*Task item*
An exact copy of the data is needed, one that excludes all pictures.

*Supplied information*

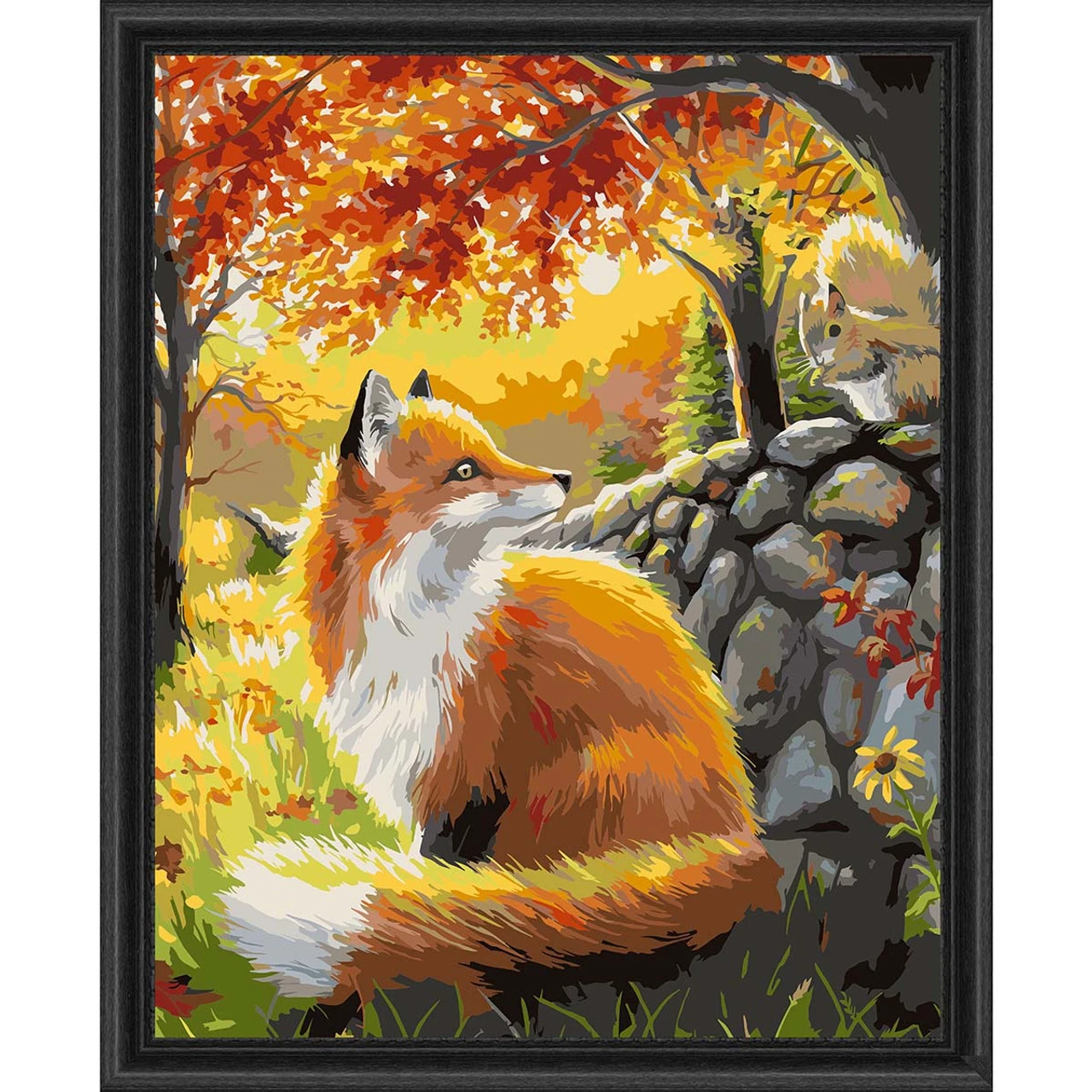 This autumn woodland scene features a fox looking at a squirrel perched on a stone wall in the forest. Fiery red fall leaves are illuminated by the setting sun in this picturesque wildlife portrait with a warm autumn glow. This exclusive paint-by-number design is only available at Herrschners. It comes with pre-mixed paint, so you always have the perfect shade with no need to mix or blend paints. Kit includes pre-printed artist canvas, pre-mixed acrylic paints, detail paintbrush, and easy instructions. Finished painting measures 16 x 20″ (41 x 51cm).
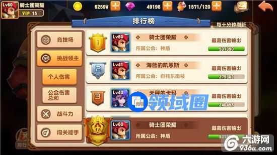 通过排行榜可以看到自己挑战领主的最高伤害以及排名信息。
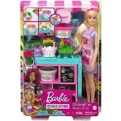Prevádzkujte kvetinárstvo s bábikou a sadou kvetov Barbie!? Obsahuje kvetinársku bábiku Barbie, stanicu na výrobu kvetov, 3 farby cesta (žltú, ružovú a zelenú), 2 vázy, formu, čistiaci nástroj a doplnok plyšového medvedíka na hranie a kreatívne vyjadrenie! Bábika kvetinárka Barbie v roztomilom pruhovanom kabátiku s vreckami na náradie je pripravená vytvárať krásne kytice pre svojich zákazníkov pomocou stroja na výrobu kvetov a cesta. Ak chcete vyrobiť kvety, vložte cesto do stredu pracovnej stanice a potom na ňu položte „vázu“. Zatlačte na bočnú páku a sledujte, ako sa kvety objavujú vo váze!? Použite rôznofarebné cesto na vytvorenie rôznofarebných kvetov a použite formu na výrobu ďalších kvetov! ?Preskúmajte svet kreatívne hry a zábavy s rozprávaním príbehov s bábikou a sadou kvetov Barbie a sledujte, ako sa zákazníci zoradia pre krásne kvety! Je to skvelý darček pre deti od 3 rokov, najmä pre tých, ktorí milujú kvety, prírodu a vytváranie krásnych kvetinových aranžmánov!
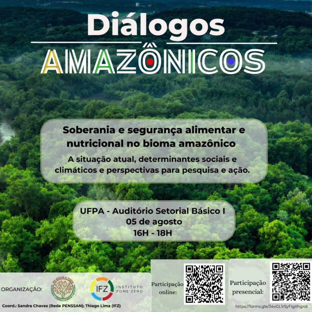 A atividade da Rede PENSSAN e do IFZ, intitulada “Soberania e segurança alimentar e nutricional no bioma amazônico”, será realizada às 16h no Auditório Setorial Básico da Universidade Federal do Pará (UFPA). As inscrições estão abertas, tanto para participação presencial como online. O objetivo, assim como de toda a programação dos Diálogos Amazônicos, é discutir políticas e estratégias para a região amazônica, e gerar relatórios que serão entregues a chefes de Estado e gestores públicos durante a Cúpula.

*Answer for this exercise*
 This autumn woodland scene features a fox looking at a squirrel perched on a stone wall in the forest. Fiery red fall leaves are illuminated by the setting sun in this picturesque wildlife portrait with a warm autumn glow. This exclusive paint-by-number design is only available at Herrschners. It comes with pre-mixed paint, so you always have the perfect shade with no need to mix or blend paints. Kit includes pre-printed artist canvas, pre-mixed acrylic paints, detail paintbrush, and easy instructions. Finished painting measures 16 x 20″ (41 x 51cm).
 通过排行榜可以看到自己挑战领主的最高伤害以及排名信息。
Prevádzkujte kvetinárstvo s bábikou a sadou kvetov Barbie!? Obsahuje kvetinársku bábiku Barbie, stanicu na výrobu kvetov, 3 farby cesta (žltú, ružovú a zelenú), 2 vázy, formu, čistiaci nástroj a doplnok plyšového medvedíka na hranie a kreatívne vyjadrenie! Bábika kvetinárka Barbie v roztomilom pruhovanom kabátiku s vreckami na náradie je pripravená vytvárať krásne kytice pre svojich zákazníkov pomocou stroja na výrobu kvetov a cesta. Ak chcete vyrobiť kvety, vložte cesto do stredu pracovnej stanice a potom na ňu položte „vázu“. Zatlačte na bočnú páku a sledujte, ako sa kvety objavujú vo váze!? Použite rôznofarebné cesto na vytvorenie rôznofarebných kvetov a použite formu na výrobu ďalších kvetov! ?Preskúmajte svet kreatívne hry a zábavy s rozprávaním príbehov s bábikou a sadou kvetov Barbie a sledujte, ako sa zákazníci zoradia pre krásne kvety! Je to skvelý darček pre deti od 3 rokov, najmä pre tých, ktorí milujú kvety, prírodu a vytváranie krásnych kvetinových aranžmánov!
 A atividade da Rede PENSSAN e do IFZ, intitulada “Soberania e segurança alimentar e nutricional no bioma amazônico”, será realizada às 16h no Auditório Setorial Básico da Universidade Federal do Pará (UFPA). As inscrições estão abertas, tanto para participação presencial como online. O objetivo, assim como de toda a programação dos Diálogos Amazônicos, é discutir políticas e estratégias para a região amazônica, e gerar relatórios que serão entregues a chefes de Estado e gestores públicos durante a Cúpula.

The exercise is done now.